This last stars Ewen Bremner, who played the rubber-faced Spud in Trainspotting, and it's impossible not to draw comparisons between The Acid House and Danny Boyle's film (which McGuigan claims never to have seen). This movie is rougher around the edges, and less romantic about the violent, screwed-up lives it depicts, and it also has the advantage of not needing to shoehorn Welsh's episodic, anecdotal style into a single, feature-length framework. But the screenplay, adapted by Welsh himself from his own stories, shows less ingenuity in making the transfer from page to screen than John Hodge's script for Trainspotting. At times shambolic, sometimes funny, occasionally very bleak, The Acid House has a rude energy and audacious visual style that make it worth seeing, but be warned - don't go if you're easily offended or upset.

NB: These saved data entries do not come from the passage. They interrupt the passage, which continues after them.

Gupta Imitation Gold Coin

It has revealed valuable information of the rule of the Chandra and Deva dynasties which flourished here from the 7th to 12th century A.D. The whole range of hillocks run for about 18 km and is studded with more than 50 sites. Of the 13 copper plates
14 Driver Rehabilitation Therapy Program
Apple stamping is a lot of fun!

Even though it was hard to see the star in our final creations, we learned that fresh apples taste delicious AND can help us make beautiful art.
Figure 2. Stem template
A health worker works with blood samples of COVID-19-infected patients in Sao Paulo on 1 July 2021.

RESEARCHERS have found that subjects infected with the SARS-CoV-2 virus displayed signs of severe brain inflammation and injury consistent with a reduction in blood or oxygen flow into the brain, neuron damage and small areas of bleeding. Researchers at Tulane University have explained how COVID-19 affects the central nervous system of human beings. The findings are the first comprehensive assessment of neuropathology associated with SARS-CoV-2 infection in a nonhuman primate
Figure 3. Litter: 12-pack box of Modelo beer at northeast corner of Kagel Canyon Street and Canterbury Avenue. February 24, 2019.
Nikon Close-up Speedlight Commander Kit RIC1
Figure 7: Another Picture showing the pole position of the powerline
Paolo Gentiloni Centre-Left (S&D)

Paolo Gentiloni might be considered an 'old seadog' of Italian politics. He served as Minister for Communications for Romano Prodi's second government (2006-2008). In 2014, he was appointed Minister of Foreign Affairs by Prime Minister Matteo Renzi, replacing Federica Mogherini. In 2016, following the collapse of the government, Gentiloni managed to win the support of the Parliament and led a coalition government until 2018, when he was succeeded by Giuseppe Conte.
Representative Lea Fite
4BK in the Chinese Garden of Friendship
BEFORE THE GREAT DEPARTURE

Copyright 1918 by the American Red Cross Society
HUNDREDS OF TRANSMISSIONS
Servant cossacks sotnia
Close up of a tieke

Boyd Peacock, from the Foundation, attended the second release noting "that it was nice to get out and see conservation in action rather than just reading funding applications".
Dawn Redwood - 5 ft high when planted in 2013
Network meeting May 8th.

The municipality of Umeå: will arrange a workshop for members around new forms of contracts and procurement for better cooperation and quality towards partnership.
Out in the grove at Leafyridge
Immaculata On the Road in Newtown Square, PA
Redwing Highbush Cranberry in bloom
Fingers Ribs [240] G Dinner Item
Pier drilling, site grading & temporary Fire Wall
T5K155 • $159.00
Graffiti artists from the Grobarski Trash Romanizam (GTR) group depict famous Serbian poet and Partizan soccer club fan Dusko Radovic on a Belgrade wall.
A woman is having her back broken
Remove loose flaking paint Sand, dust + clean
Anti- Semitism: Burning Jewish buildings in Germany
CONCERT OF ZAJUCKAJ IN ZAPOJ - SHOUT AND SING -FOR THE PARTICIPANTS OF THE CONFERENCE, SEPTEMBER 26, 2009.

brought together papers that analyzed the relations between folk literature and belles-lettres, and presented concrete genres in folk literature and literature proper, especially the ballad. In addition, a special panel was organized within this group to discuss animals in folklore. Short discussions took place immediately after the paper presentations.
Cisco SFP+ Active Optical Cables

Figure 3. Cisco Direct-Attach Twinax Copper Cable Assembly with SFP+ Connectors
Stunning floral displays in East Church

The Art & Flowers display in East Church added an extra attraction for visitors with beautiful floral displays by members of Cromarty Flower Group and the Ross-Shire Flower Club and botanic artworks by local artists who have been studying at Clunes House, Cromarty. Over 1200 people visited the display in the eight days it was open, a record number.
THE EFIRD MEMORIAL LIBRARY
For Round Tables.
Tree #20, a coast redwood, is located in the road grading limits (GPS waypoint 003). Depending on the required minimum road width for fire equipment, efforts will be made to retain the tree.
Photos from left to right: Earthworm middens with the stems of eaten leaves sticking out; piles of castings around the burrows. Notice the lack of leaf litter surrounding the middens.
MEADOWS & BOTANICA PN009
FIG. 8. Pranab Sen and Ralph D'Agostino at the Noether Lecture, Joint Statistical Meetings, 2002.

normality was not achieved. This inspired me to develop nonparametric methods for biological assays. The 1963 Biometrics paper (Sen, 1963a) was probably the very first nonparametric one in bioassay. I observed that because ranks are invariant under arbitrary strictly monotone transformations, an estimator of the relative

Rien Ne Va Plus (Members and Guests) IFC

In his publicity notes for Rien Ne Va Plus, Claude Chabrol announces that: "There are lots of titillating details and vague references that I distilled into this, my 50th film, to please a few die-hard fans who, I think, will get a good laugh out of it." If this sounds self-indulgent, well . . . it is. Rien Ne Va Plus is a rather self-satisfied little film, a reworking of the caper movie as a showcase for its two stars, Isabelle Huppert and Michel Serrault. The two play a pair of con artists, their relationship left deliberately opaque, who make a living relieving businessmen of small sums of money. On one of their excursions, to a Swiss skiing resort, they become embroiled in a much larger and more dangerous scam, which finally puts their lives in danger.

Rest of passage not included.